When Idris Jala took over as the CEO of Malaysian Airlines in December 2005, it was less than four months away from running out of cash. In his own words “we had no time to reorganize, to rearrange the deck chairs on the Titanic”. However, there were critical problems to fix. One such problem was “yield” which was related to route profitability. Idris says in an interview with McKinsey (registration required and is free):
I prefer to keep the current setup and change the responsibilities. For instance, our laboratories developed a new job—route profitability manager—that didn’t exist in our structure. Instead of adding a new player, we told people to double up on their responsibilities. The person taking on the responsibility might not be a regional manager; it could be a subordinate. But someone was now responsible for profitability on that route. The structure remained the same, but we gave people a new vocabulary, new responsibilities. Once we were sure that the new thinking works, we got rid of the transitional role. With route profitability managers, we did that after one year.
If I look back at my career, I can see several occasions where I took up additional responsibilities substantially different from my primary role.

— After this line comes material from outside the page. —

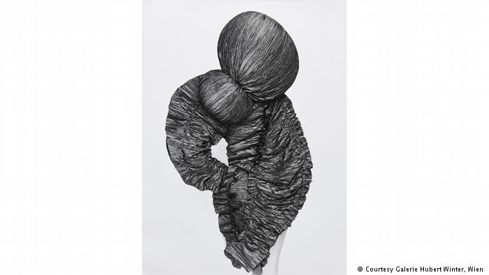 The Vienna exhibition also includes items that examine head coverings in an abstracted manner. This silver gelatin print by Austrian photographer Tina Lechner, entitled “Xiao,” recalls the back of a woman’s head covered by crinkly fabric that drapes down. Lechner is known for her sculptural-based photography that often examines cultural constructions of femininity in a quasi-surreal manner.
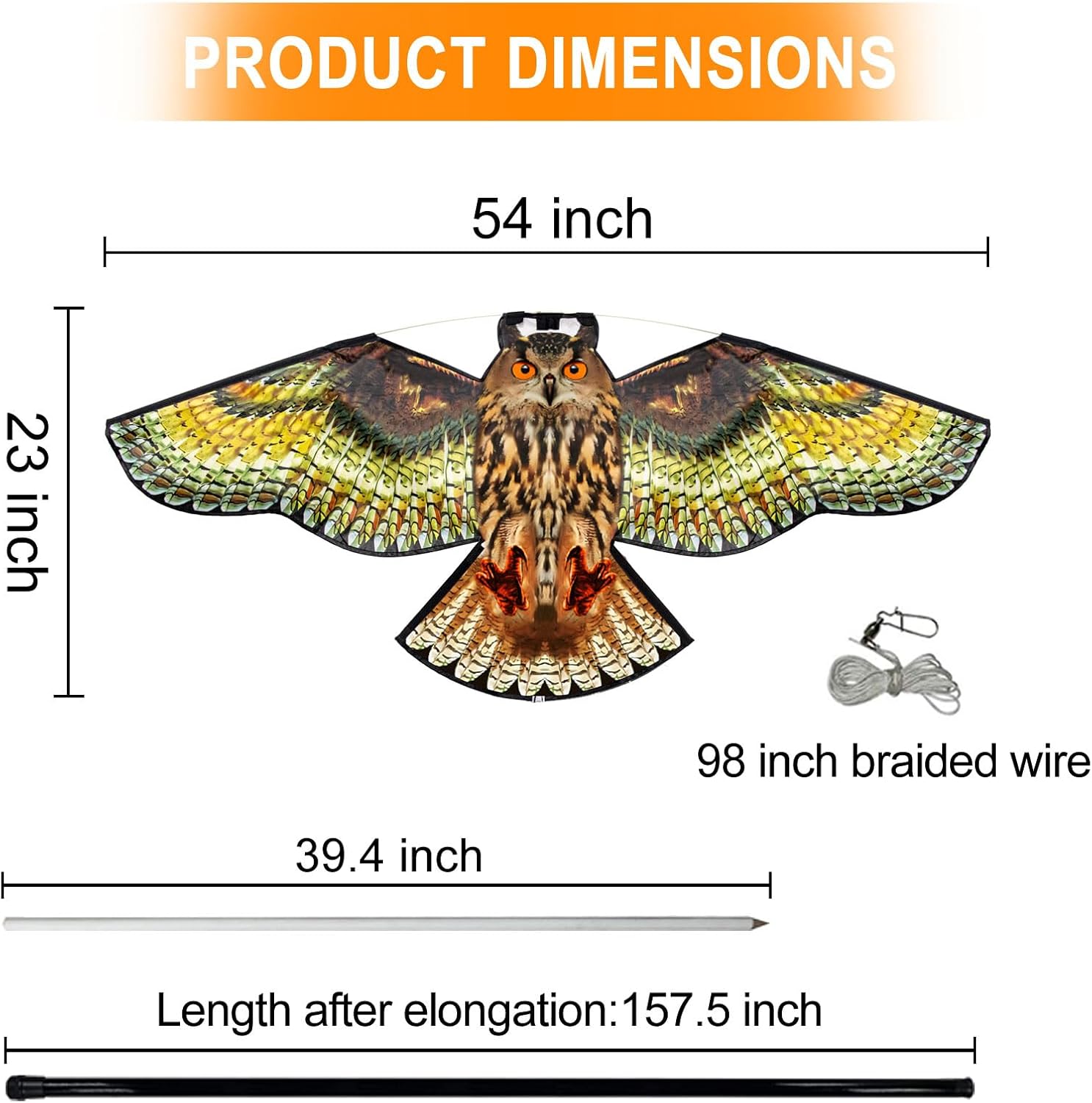 Bird Hawk Flying Kite with Pole Crop Protector Bird Scare Kites with 4m Pole - Owl Kite

For example, while I was a project manager, I played a role of pre-sales for a major account acquisition; I also assisted CTO in managing research projects, contributed to product architecture. Some of these roles created full-time opportunities later on.
I feel the success of such roles would depend upon the criticality of business need the role is addressing. For example, the “route profitability” as a business need in case of Malaysian Airlines. Of course, it would also depend upon the competence of the person playing the role.
Moral of the story is, creating new roles without creating full-time positions and giving concrete accountability to the role is an option worth exploring.